■ **Given data**
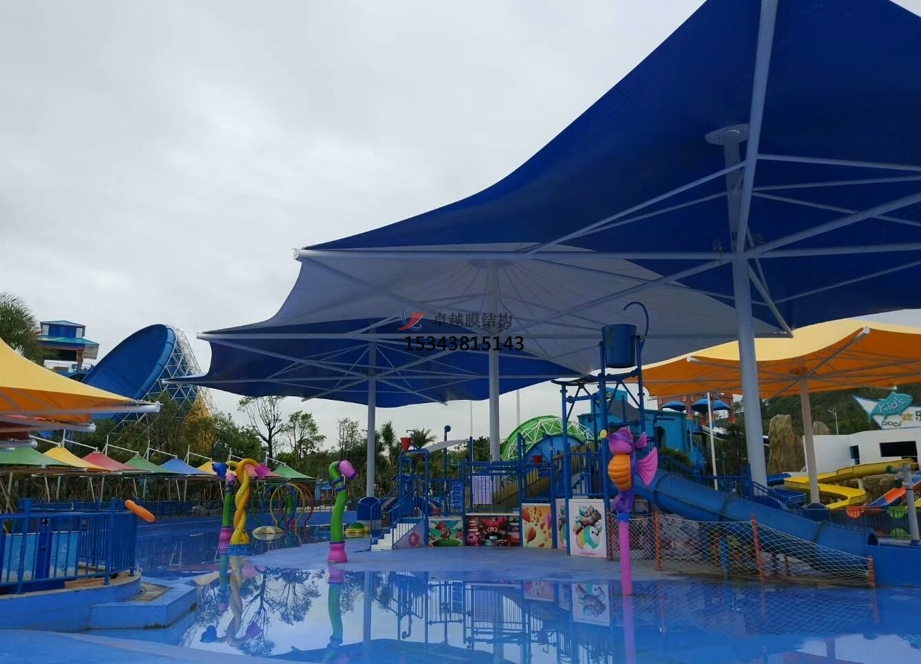 水上樂園遮陽棚所使用的膜材自重更輕,而且膜結構是依靠支柱,拉索,與膜面形成了預張力成型的,這就使得整個結構非常的簡單,特別是在游泳池這種大跨度的設施上使用,具有天然的優(yōu)勢。不僅能夠提供更大的遮陽面積,而且由于質地更輕安全性也更高。
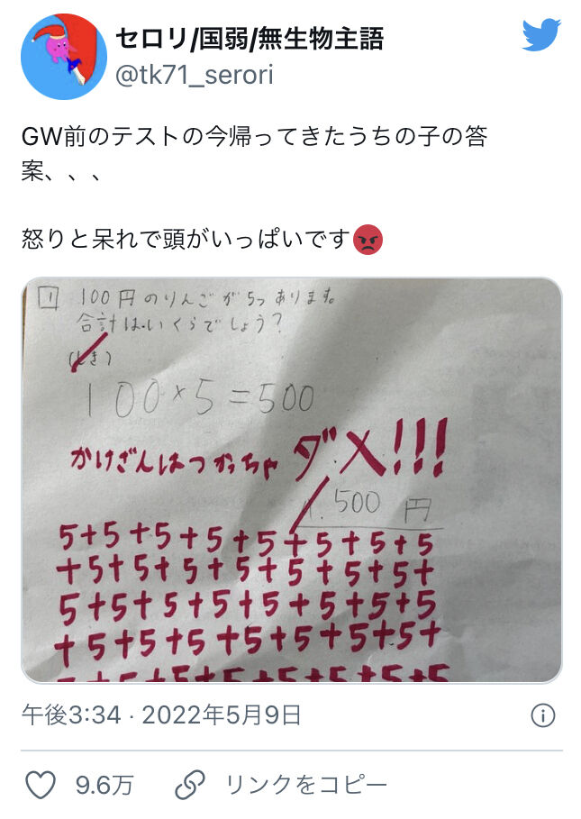 【超画像】「100円のりんごが5つあります 合計はいくらになるでしょう」←小学生のクソガキが解いた結果WWWWWWWWWWWWWWWWWWWWWWWWWWWWWW
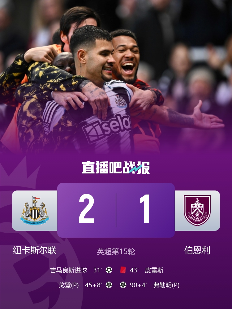 下半场进入补时阶段,战局风云突变,第45+6分钟,伯恩利禁区内出现手球,主裁在观看VAR后示意罚点球。戈登毫不犹豫,稳稳将球罚入,为纽卡斯尔再添一分,比分变为2-0。虽然形势看似对伯恩利愈发不利,但在第90+4分钟时,雅各布·拉姆塞因手球送给伯恩利一次点球机会,弗勒明镇定自若,将球送入网窝,让比赛的悬念重燃,最终比分定格在2-1。
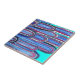 Ein Printdesign aus handgezeichneter und gemalter Kunst. Dieses blaue, lila und türkisfarbene, wellenförmige Muster ist ein grafisches Kunstdoodle, das durch die sanften Wellen des Ozeans, die an der Küste zapfen, inspiriert wurde. Perfekte coole Farben für Accessoires und für den Sommer.
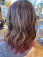 毛先にチェリーピンクを入れたグラデーションカラーです!全体をゆるく巻いて仕上げた可愛らしいスタイルです♪
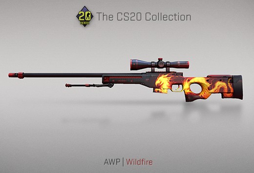 Nous voici arrivés aux deux armes rouges de la caisse CS20, l’AWP Wild Fire, sympathique, nous avions eu le droit à un serpent avec l’AWP Atheris de la dernière caisse, cette fois-ci, c’est un dragon de feu.
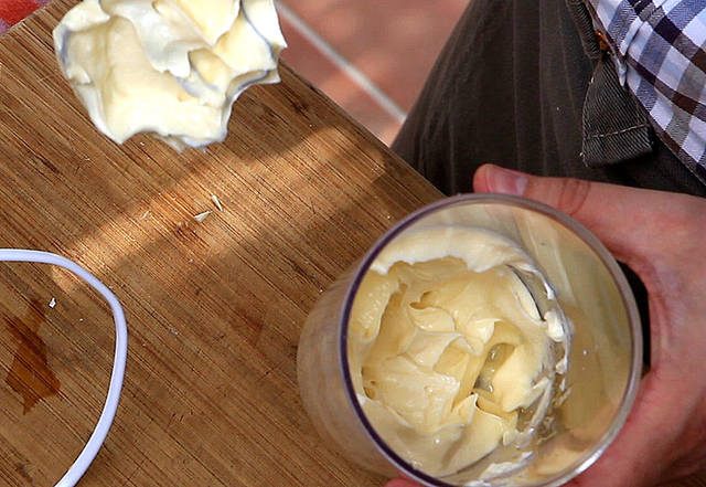 А дальше начинается работа блендером. Тут тоже не всё просто. Прежде всего, надо накрыть крыльчаткой блендера яйцо и «прижать» его ко дну стакана. И только после этого включать. Подождать, пока из-под крыльчатки не поползёт кремовая светлая эмульсия.
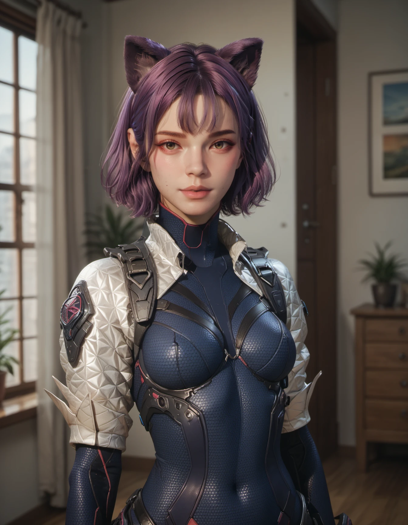 the default style you can get it by using the prompt: (bodysuit, helmet,) without the word helmet it will show the in-game character's face.
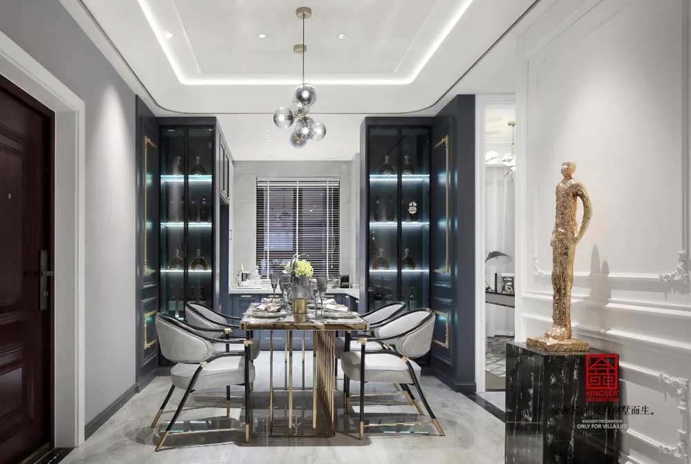 深蓝、古铜和灰色调勾勒出绅士的高雅格调和品味。从空间利用到配色处理,匠心独具,每一个空间都浓缩着设计师对新古典的独特理解。

■ **What you are asked to do**
Word for word, print all of the data; skip the pictures.

■ **Task answer**
 水上樂園遮陽棚所使用的膜材自重更輕,而且膜結構是依靠支柱,拉索,與膜面形成了預張力成型的,這就使得整個結構非常的簡單,特別是在游泳池這種大跨度的設施上使用,具有天然的優(yōu)勢。不僅能夠提供更大的遮陽面積,而且由于質地更輕安全性也更高。
 【超画像】「100円のりんごが5つあります 合計はいくらになるでしょう」←小学生のクソガキが解いた結果WWWWWWWWWWWWWWWWWWWWWWWWWWWWWW
 下半场进入补时阶段,战局风云突变,第45+6分钟,伯恩利禁区内出现手球,主裁在观看VAR后示意罚点球。戈登毫不犹豫,稳稳将球罚入,为纽卡斯尔再添一分,比分变为2-0。虽然形势看似对伯恩利愈发不利,但在第90+4分钟时,雅各布·拉姆塞因手球送给伯恩利一次点球机会,弗勒明镇定自若,将球送入网窝,让比赛的悬念重燃,最终比分定格在2-1。
 Ein Printdesign aus handgezeichneter und gemalter Kunst. Dieses blaue, lila und türkisfarbene, wellenförmige Muster ist ein grafisches Kunstdoodle, das durch die sanften Wellen des Ozeans, die an der Küste zapfen, inspiriert wurde. Perfekte coole Farben für Accessoires und für den Sommer.
 毛先にチェリーピンクを入れたグラデーションカラーです!全体をゆるく巻いて仕上げた可愛らしいスタイルです♪
 Nous voici arrivés aux deux armes rouges de la caisse CS20, l’AWP Wild Fire, sympathique, nous avions eu le droit à un serpent avec l’AWP Atheris de la dernière caisse, cette fois-ci, c’est un dragon de feu.
 А дальше начинается работа блендером. Тут тоже не всё просто. Прежде всего, надо накрыть крыльчаткой блендера яйцо и «прижать» его ко дну стакана. И только после этого включать. Подождать, пока из-под крыльчатки не поползёт кремовая светлая эмульсия.
 the default style you can get it by using the prompt: (bodysuit, helmet,) without the word helmet it will show the in-game character's face.
 深蓝、古铜和灰色调勾勒出绅士的高雅格调和品味。从空间利用到配色处理,匠心独具,每一个空间都浓缩着设计师对新古典的独特理解。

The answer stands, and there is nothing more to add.